## TASK TO CARRY OUT
With pictures left out, extract every line between the start of the records below and the line holding "Bunny Costume Set", inclusive.
** Opening DATA FOR THIS TASK block **
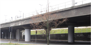 Vedhæftet fotos af hhv. broen over Enghavevej og broen over Ellebjergvej
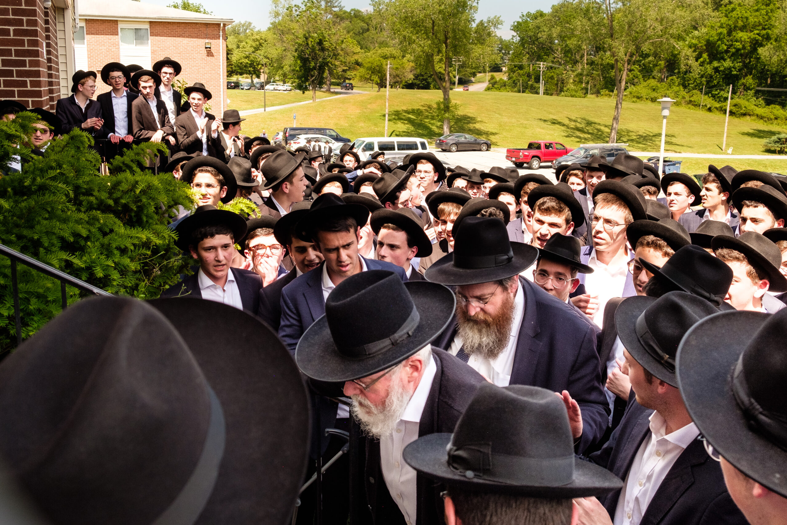 Shortly before Shavuos, Harav Simcha Cook, was struck by a car and was forced to spend a couple of weeks in hospital. B’Chasdei Hashem, he returned home yesterday and the Mechina bochurim came to dance around his car to welcome him back. May HKB”H grant Harav Cook a refuah shlaima b’karov, b’soch shar cholei Yisroel.
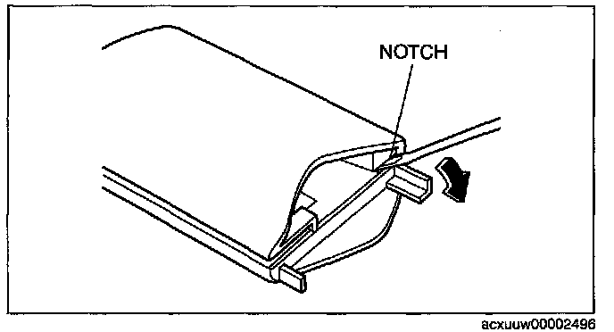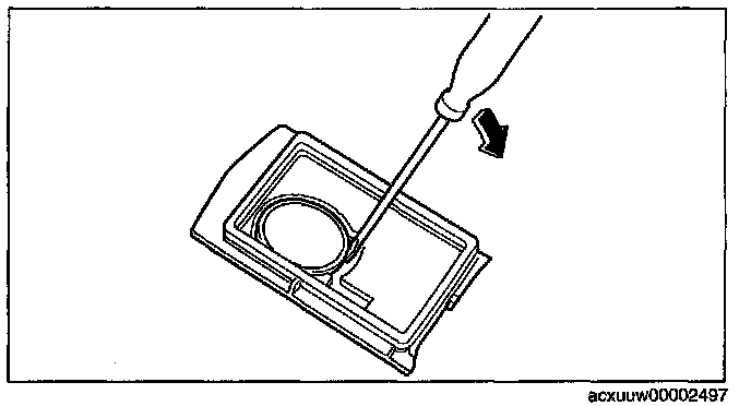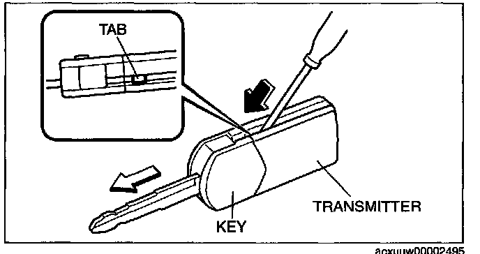 TRANSMITTER BATTERY REPLACEMENT [KEYLESS ENTRY SYSTEM]1. Insert a small flathead screwdriver into the transmitter notch and remove the key from the transmitter by pressing the tab.
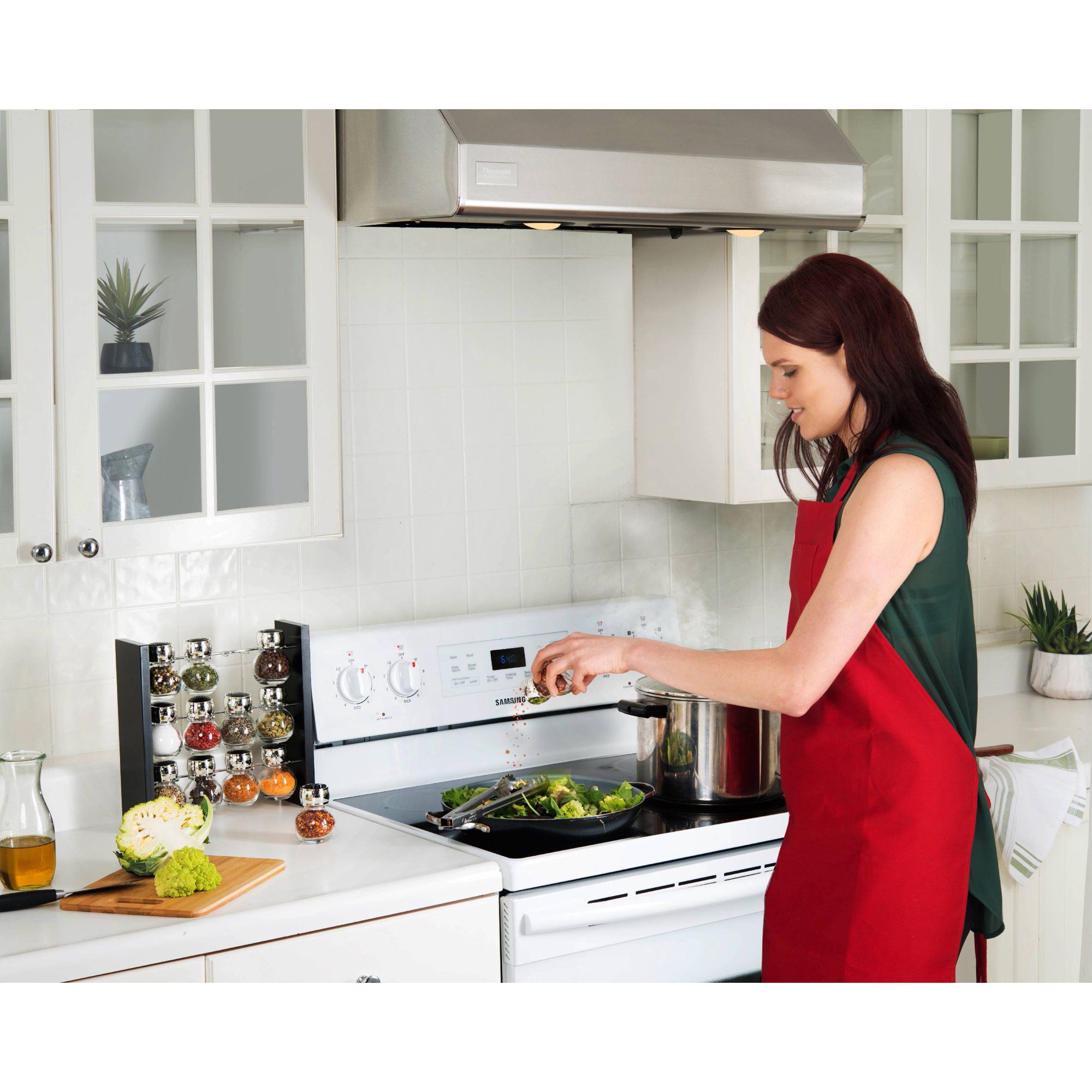 Blumwares Spice Rack Stand with 12 Clear Glass Bottles Sleek and Kitchen Organizer
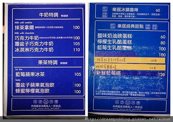 內用的低消為一杯飲品,甜點跟滷味都不列入計算,滷味?是的,你沒看錯,樂居咖啡的特色之一就是他賣滷味;可惜這天已經飽足,點了甜點跟咖啡之後,無法再裝一個滷味(殘念)
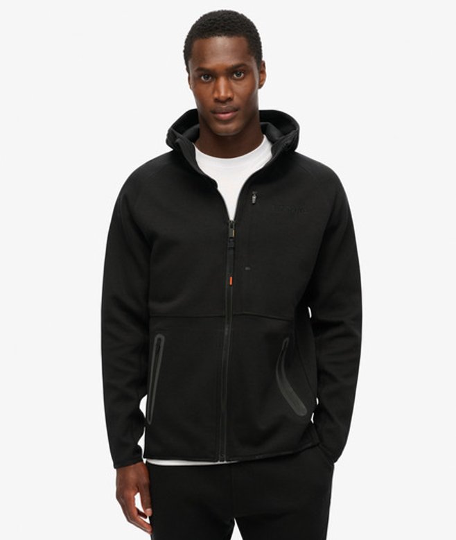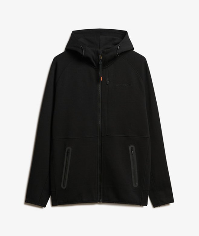 Superdry Tech Hoodie met Logo, Rits en Losse Pasvorm Zwart
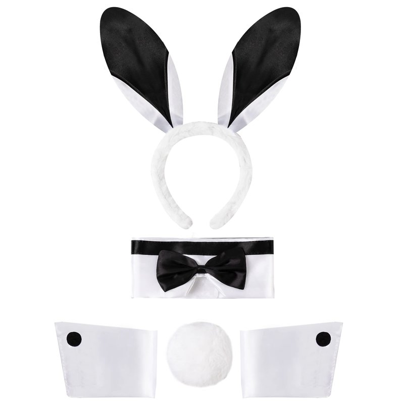 Bunny Costume Set includes bunny ears headband, bow tie, bunny tail, and arm cuffs with unique designs.
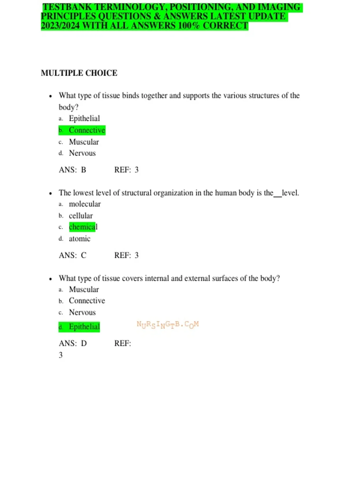 This Test Bank for Terminology, Positioning, and Imaging Principles provides a comprehensive collection of questions and answers, fully updated for 2023/2024. Covering all major topics in medical imaging, radiography, and positioning techniques, it includes multiple-choice questions, short-answer problems, and practical case scenarios with 100% verified answers. Structured to reinforce learning, the test bank aids students in understanding complex terminology, proper patient positioning, and imaging principles critical to accurate diagnostics. Ideal for classroom review, exam preparation, and self-study, it helps learners practice effectively, retain knowledge, and achieve high scores in tests and assessments. With clear organization and complete coverage, this resource is essential for radiography students, healthcare professionals, and anyone preparing for imaging and radiologic exams.
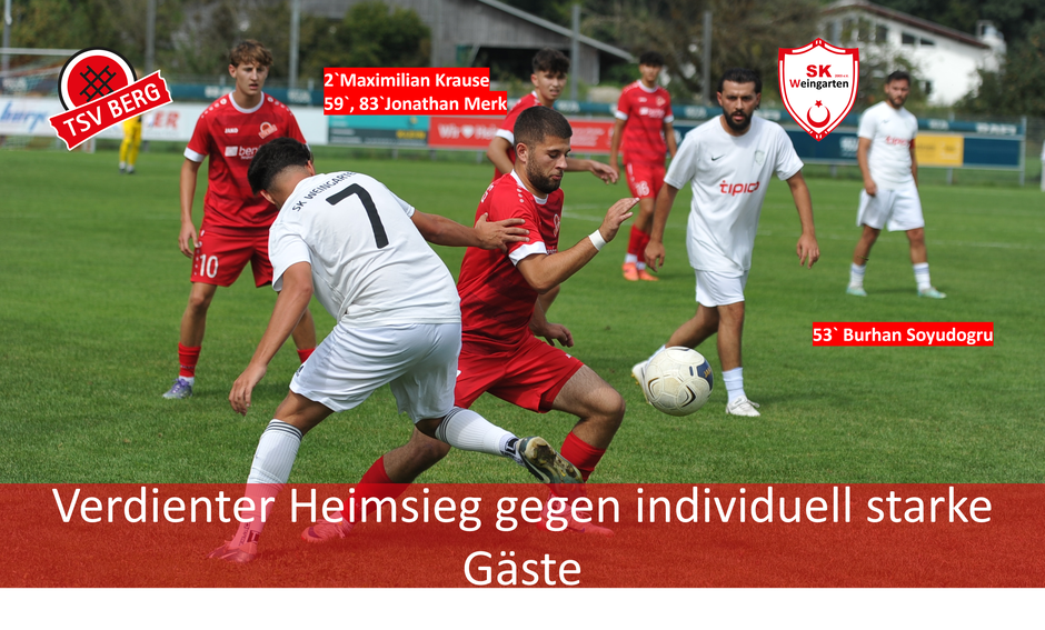 Der TSV Berg II bestätigt seinen erfolgreichen Saisonauftakt und gewinnt auch das zweite Spiel der Saison – diesmal mit 3:1 gegen den SK Weingarten, der nach der Auftaktniederlage erneut leer ausgeht.
** Closing DATA FOR THIS TASK block **
## SOLUTION
 Vedhæftet fotos af hhv. broen over Enghavevej og broen over Ellebjergvej
 Shortly before Shavuos, Harav Simcha Cook, was struck by a car and was forced to spend a couple of weeks in hospital. B’Chasdei Hashem, he returned home yesterday and the Mechina bochurim came to dance around his car to welcome him back. May HKB”H grant Harav Cook a refuah shlaima b’karov, b’soch shar cholei Yisroel.
 TRANSMITTER BATTERY REPLACEMENT [KEYLESS ENTRY SYSTEM]1. Insert a small flathead screwdriver into the transmitter notch and remove the key from the transmitter by pressing the tab.
 Blumwares Spice Rack Stand with 12 Clear Glass Bottles Sleek and Kitchen Organizer
 內用的低消為一杯飲品,甜點跟滷味都不列入計算,滷味?是的,你沒看錯,樂居咖啡的特色之一就是他賣滷味;可惜這天已經飽足,點了甜點跟咖啡之後,無法再裝一個滷味(殘念)
 Superdry Tech Hoodie met Logo, Rits en Losse Pasvorm Zwart
 Bunny Costume Set includes bunny ears headband, bow tie, bunny tail, and arm cuffs with unique designs.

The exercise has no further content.